Robust Response Transformations Based on Optimal Prediction
Alfio Marazzi (Faculty of Biology and Medicine, Universty of Lausanne, and head of the Statistics Unit of the Institute of Social and Preventive Medicine)
Vendredi 31 octobre 2008 à 11h15, salle 5220:
Nonlinear regression problems can often be reduced to linearity by transforming the response variable, e.g., using the Box-Cox family of transformations. The classical estimates of the parameter defining the transformation as well as of the regression coefficients are based on the maximum likelihood criterion, assuming homoscedastic normal errors for the transformed response. These estimates are nonrobust in presence of outliers and can be inconsistent when the errors are nonnormal or heteroscedastic. We propose new robust estimates which are consistent and asymptotically normal for any unimodal and homoscedastic error distribution. For this purpose, a robust version of conditional expectation is introduced, where the prediction mean squared error is replaced with a M-scale.
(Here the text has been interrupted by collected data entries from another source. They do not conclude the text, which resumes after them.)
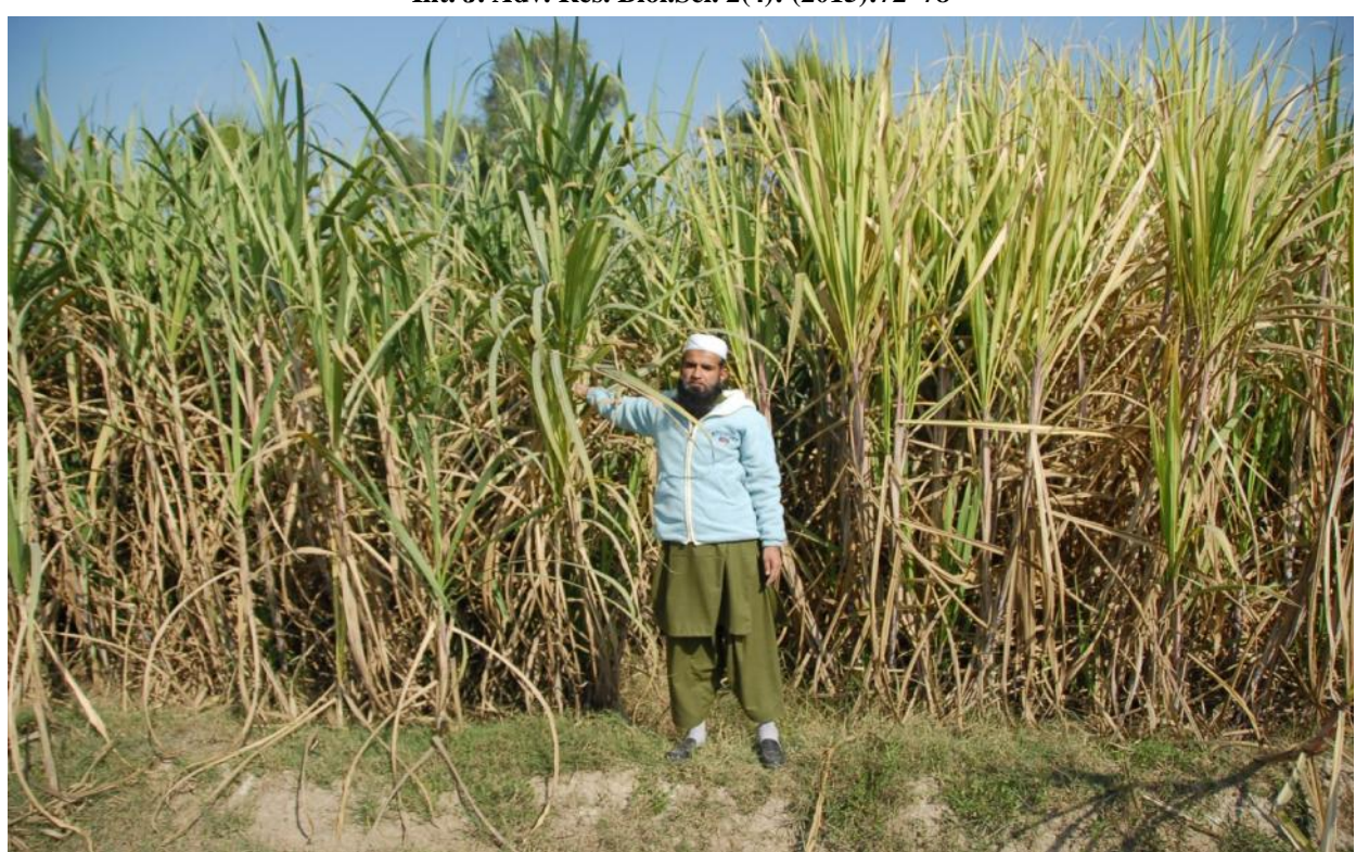
Fig.2a, The disease appear in patches. Left side of the person is healthy and right side showing yellow leaf disease symptoms respectively.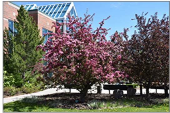
Makamik Flowering Crab in bloom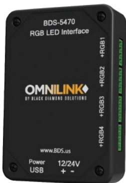
RGB LED Interface Control 4 RGB Strips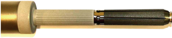
FIGURE 1: Tip of the spreading stem.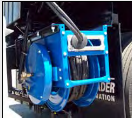
Dual hose reels optional for convenient air and emulsion spraying from the same wand.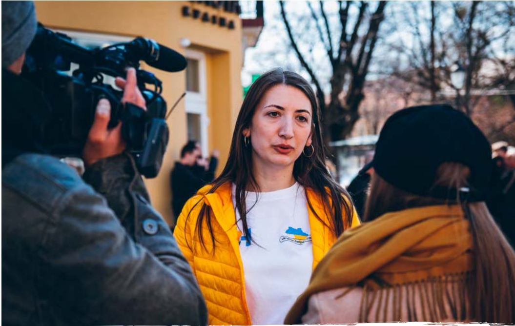
Female activist gives interview to Ukrainian TV channel, Uzhhorod, Ukraine in Apr 2022.

"We have for five years been trying to improve local media from this perspective and frankly we are at the very beginning of this process," he said.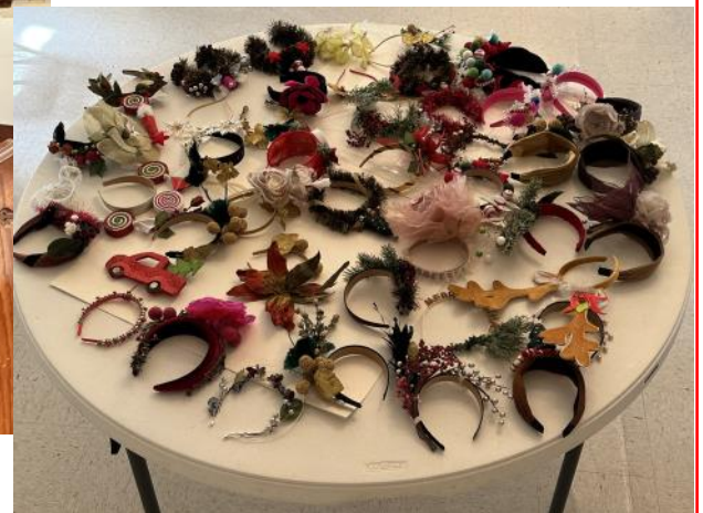
Uniqueness and Wide Selection of Fascinators

This concept is then used to develop a nonparametric criterion to estimate the transformation parameter as well as the regression coefficients. A finite sample estimate of this criterion based on a robust version of smearing is also proposed. Monte Carlo experiments show that the new estimates compare favorably with respect to the available competitors.
This is joint work with Victor J. Yhai and Ana J. Vilar.